Емельян Пугачев заставил говорить о себе не только всю Россию, но и Европу и даже Северную Америку. Одни называли его самозванцем, авантюристом, иностранным шпионом, душегубом и развратником, другие считали народным заступником и правдоискателем, признавали законным «амператором» Петром Федоровичем. Каким образом простой донской казак смог создать многотысячную армию, противостоявшую регулярным царским войскам и бравшую укрепленные города? Была ли возможна победа пугачевцев? Как они предполагали обустроить Россию?

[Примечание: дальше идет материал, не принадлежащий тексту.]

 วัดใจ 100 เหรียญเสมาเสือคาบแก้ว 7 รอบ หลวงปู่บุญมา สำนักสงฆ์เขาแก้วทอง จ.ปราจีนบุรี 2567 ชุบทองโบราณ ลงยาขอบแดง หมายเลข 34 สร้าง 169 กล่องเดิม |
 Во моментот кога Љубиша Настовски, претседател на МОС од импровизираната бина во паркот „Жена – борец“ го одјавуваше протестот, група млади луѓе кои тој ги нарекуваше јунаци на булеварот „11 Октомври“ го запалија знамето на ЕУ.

Какая судьба в этом случае ждала Екатерину II? Откуда на теле предводителя бунтовщиков появились загадочные «царские знаки»? Кандидат исторических наук Евгений Трефилов отвечает на эти вопросы, часто устами самих героев книги, на основе документов реконструируя речи одного из самых выдающихся бунтарей в отечественной истории, его соратников и врагов.


Небо вокруг меня

Автор книги Герой Советского Союза, заслуженный мастер спорта СССР Евгений Николаевич Андреев рассказывает о рабочих буднях испытателей парашютов. Вместе с автором читатель «совершит» немало разнообразных прыжков с парашютом, не раз окажется в сложных ситуациях.


На пути к звездам

Из этой книги вы узнаете о главных событиях из жизни К. Э. Циолковского, о его юности и начале научной работы, о его преподавании в школе.

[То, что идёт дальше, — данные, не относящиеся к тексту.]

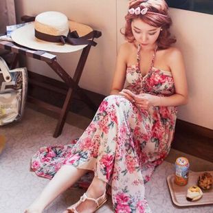 韓國代購夏波西米亞碎花連衣裙雪紡掛脖吊帶長裙沙灘度假裙 /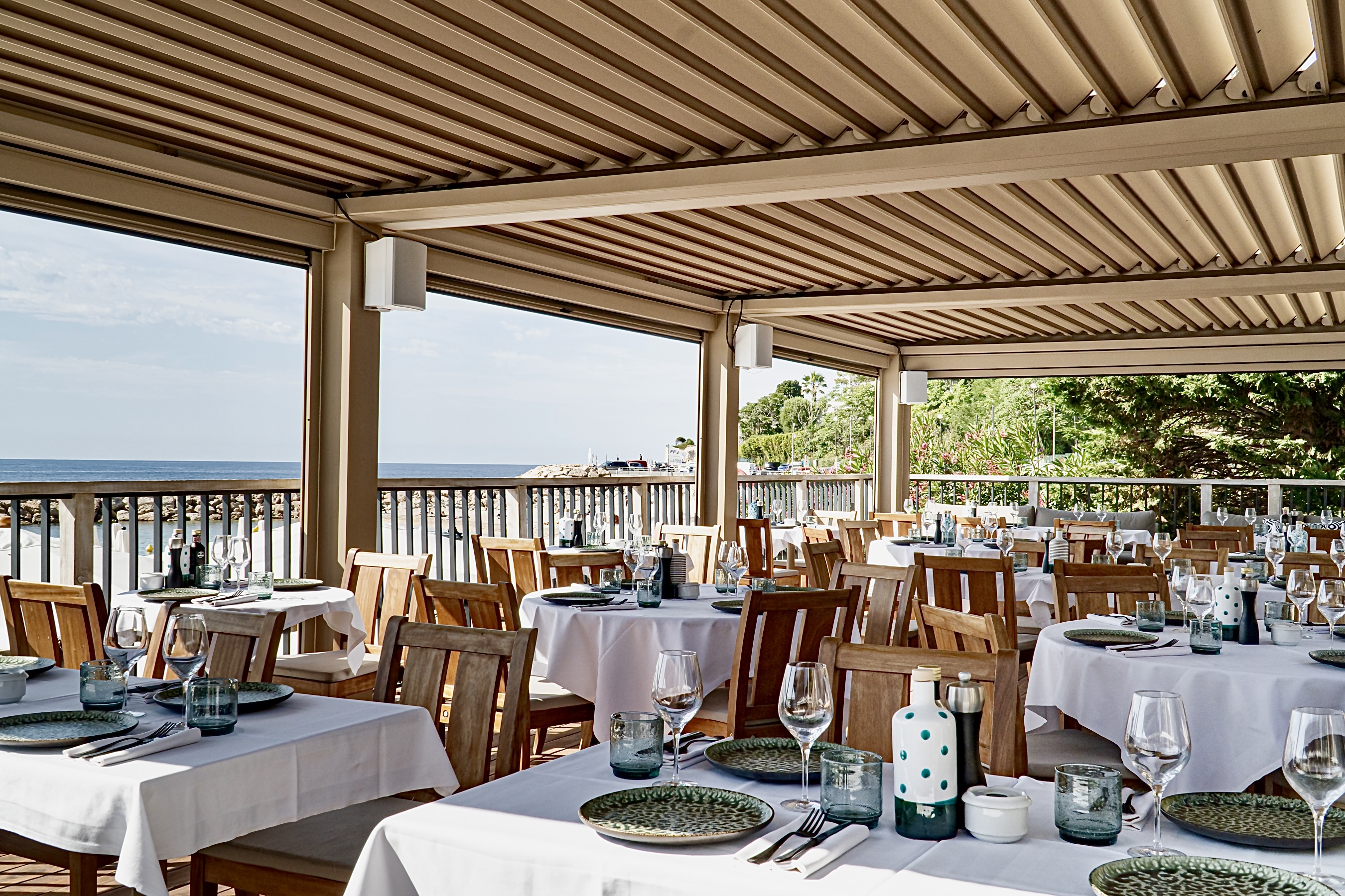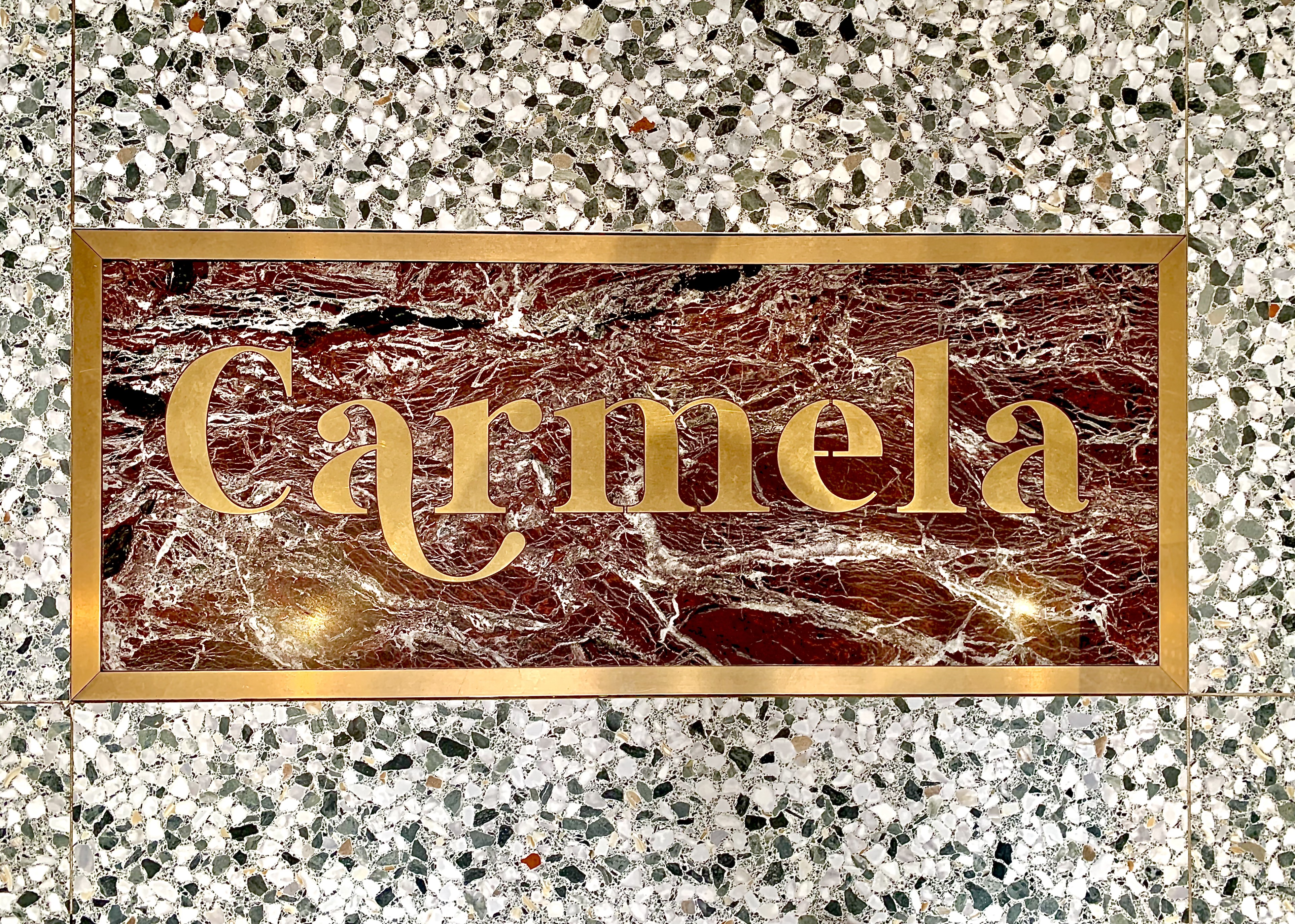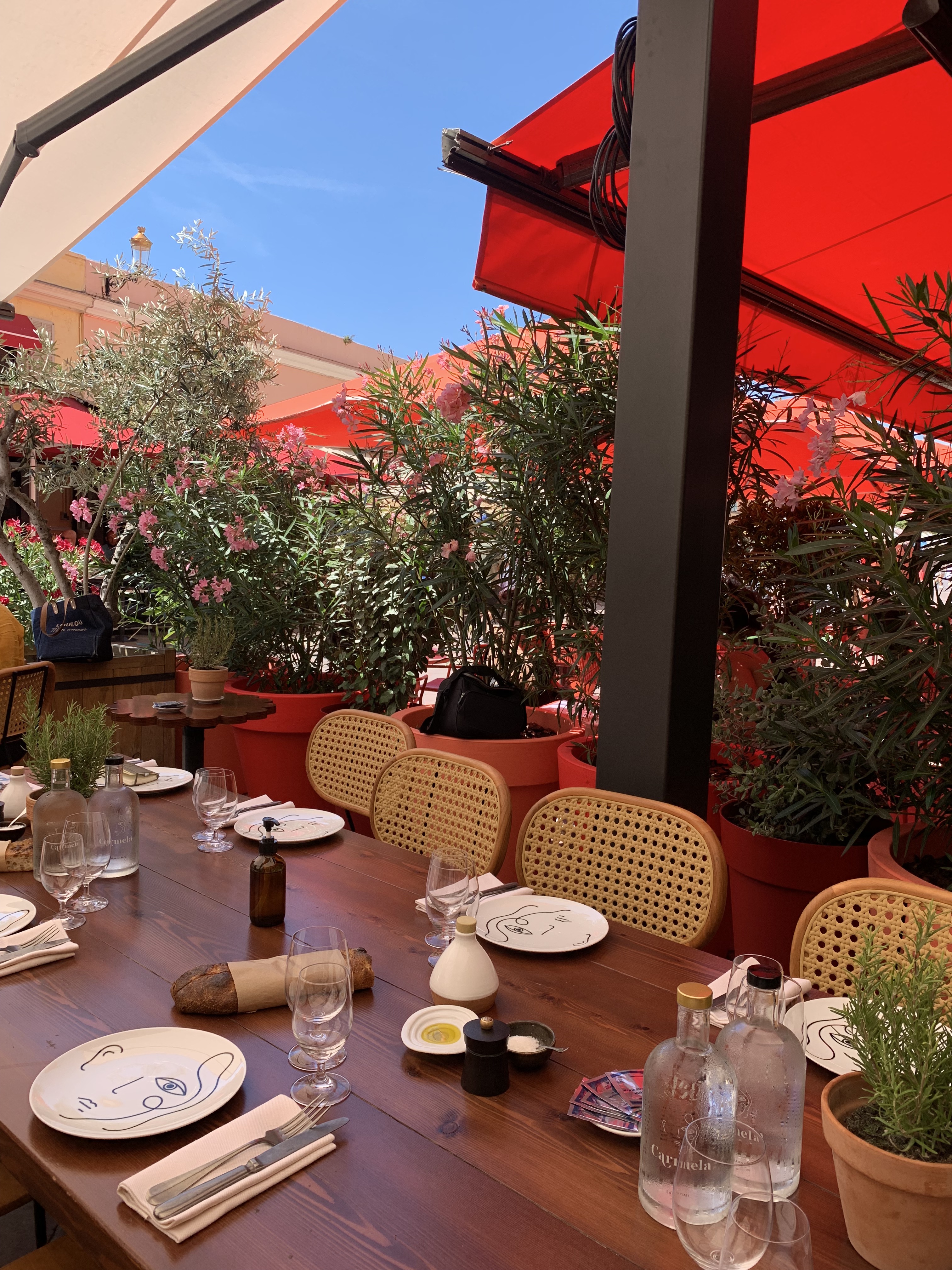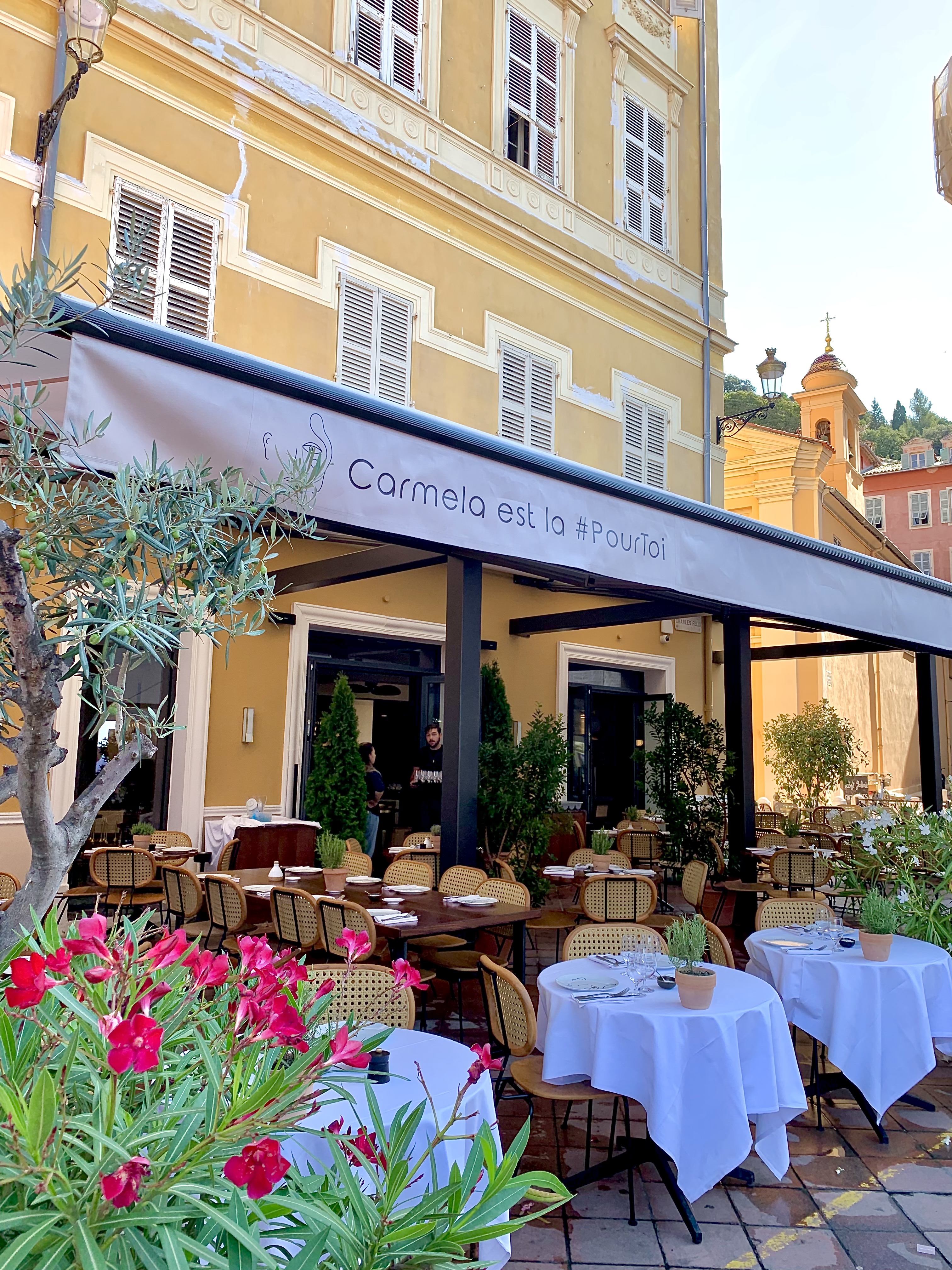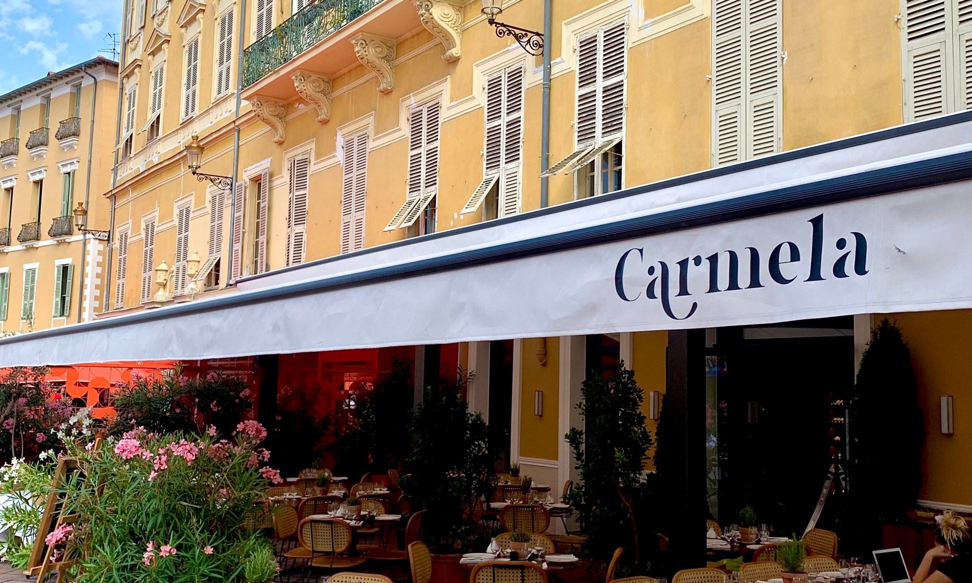 La terrasse est élégante, et dénote à merveille de son raffinement avec les établissements voisins. Placé tout au bout du Cours Saléya et presque au pied du mythique et sublime Palais Ribotti-Caïs de Pierlas qui accueillit les ateliers du célèbre Matisse, Carmela réhausse ce joyaux de la ville de Nice, désormais inscrite au Patrimoine Mondial de L’Unesco. La salle s’enflamme d’un décor chic, fantasque et felinnien.

Вацлав Гавел. Жизнь в истории

Со времен Макиавелли образ политика в сознании общества ассоциируется с лицемерием, жестокостью и беспринципностью в борьбе за власть и ее сохранение. Пример Вацлава Гавела доказывает, что авторитетным политиком способен быть человек иного типа – интеллектуал, проповедующий нравственное сопротивление злу и «жизнь в правде». Писатель и драматург, Гавел стал лидером бескровной революции, последним президентом Чехословакии и первым независимой Чехии. Следуя формуле своего героя «Нет жизни вне истории и истории вне жизни», Иван Беляев написал биографию Гавела, каждое событие в жизни которого вплетено в культурный и политический контекст всего XX столетия.


Счастливая ты, Таня!

Автору этих воспоминаний пришлось многое пережить — ее отца, заместителя наркома пищевой промышленности, расстреляли в 1938-м, мать сослали, братья погибли на фронте… В 1978 году она встретилась с писателем Анатолием Рыбаковым. В книге рассказывается о том, как они вместе работали над его романами, как в течение 21 года издательства не решались опубликовать его «Детей Арбата», как приняли потом эту книгу во всем мире.


Летные дневники. Часть 9

В книге рассказывается история главного героя, который сталкивается с различными проблемами и препятствиями на протяжении всего своего путешествия. По пути он встречает множество второстепенных персонажей, которые играют важные роли в истории. Благодаря опыту главного героя книга исследует такие темы, как любовь, потеря, надежда и стойкость. По мере того, как главный герой преодолевает свои трудности, он усваивает ценные уроки жизни и растет как личность.


Летные дневники, часть 5

Введите сюда краткую аннотацию.


Лётные дневники. Часть 4

В книге рассказывается история главного героя, который сталкивается с различными проблемами и препятствиями на протяжении всего своего путешествия. По пути он встречает множество второстепенных персонажей, которые играют важные роли в истории. Благодаря опыту главного героя книга исследует такие темы, как любовь, потеря, надежда и стойкость. По мере того, как главный герой преодолевает свои трудности, он усваивает ценные уроки жизни и растет как личность.


Летные дневники. Часть 2

В книге рассказывается история главного героя, который сталкивается с различными проблемами и препятствиями на протяжении всего своего путешествия. По пути он встречает множество второстепенных персонажей, которые играют важные роли в истории. Благодаря опыту главного героя книга исследует такие темы, как любовь, потеря, надежда и стойкость. По мере того, как главный герой преодолевает свои трудности, он усваивает ценные уроки жизни и растет как личность.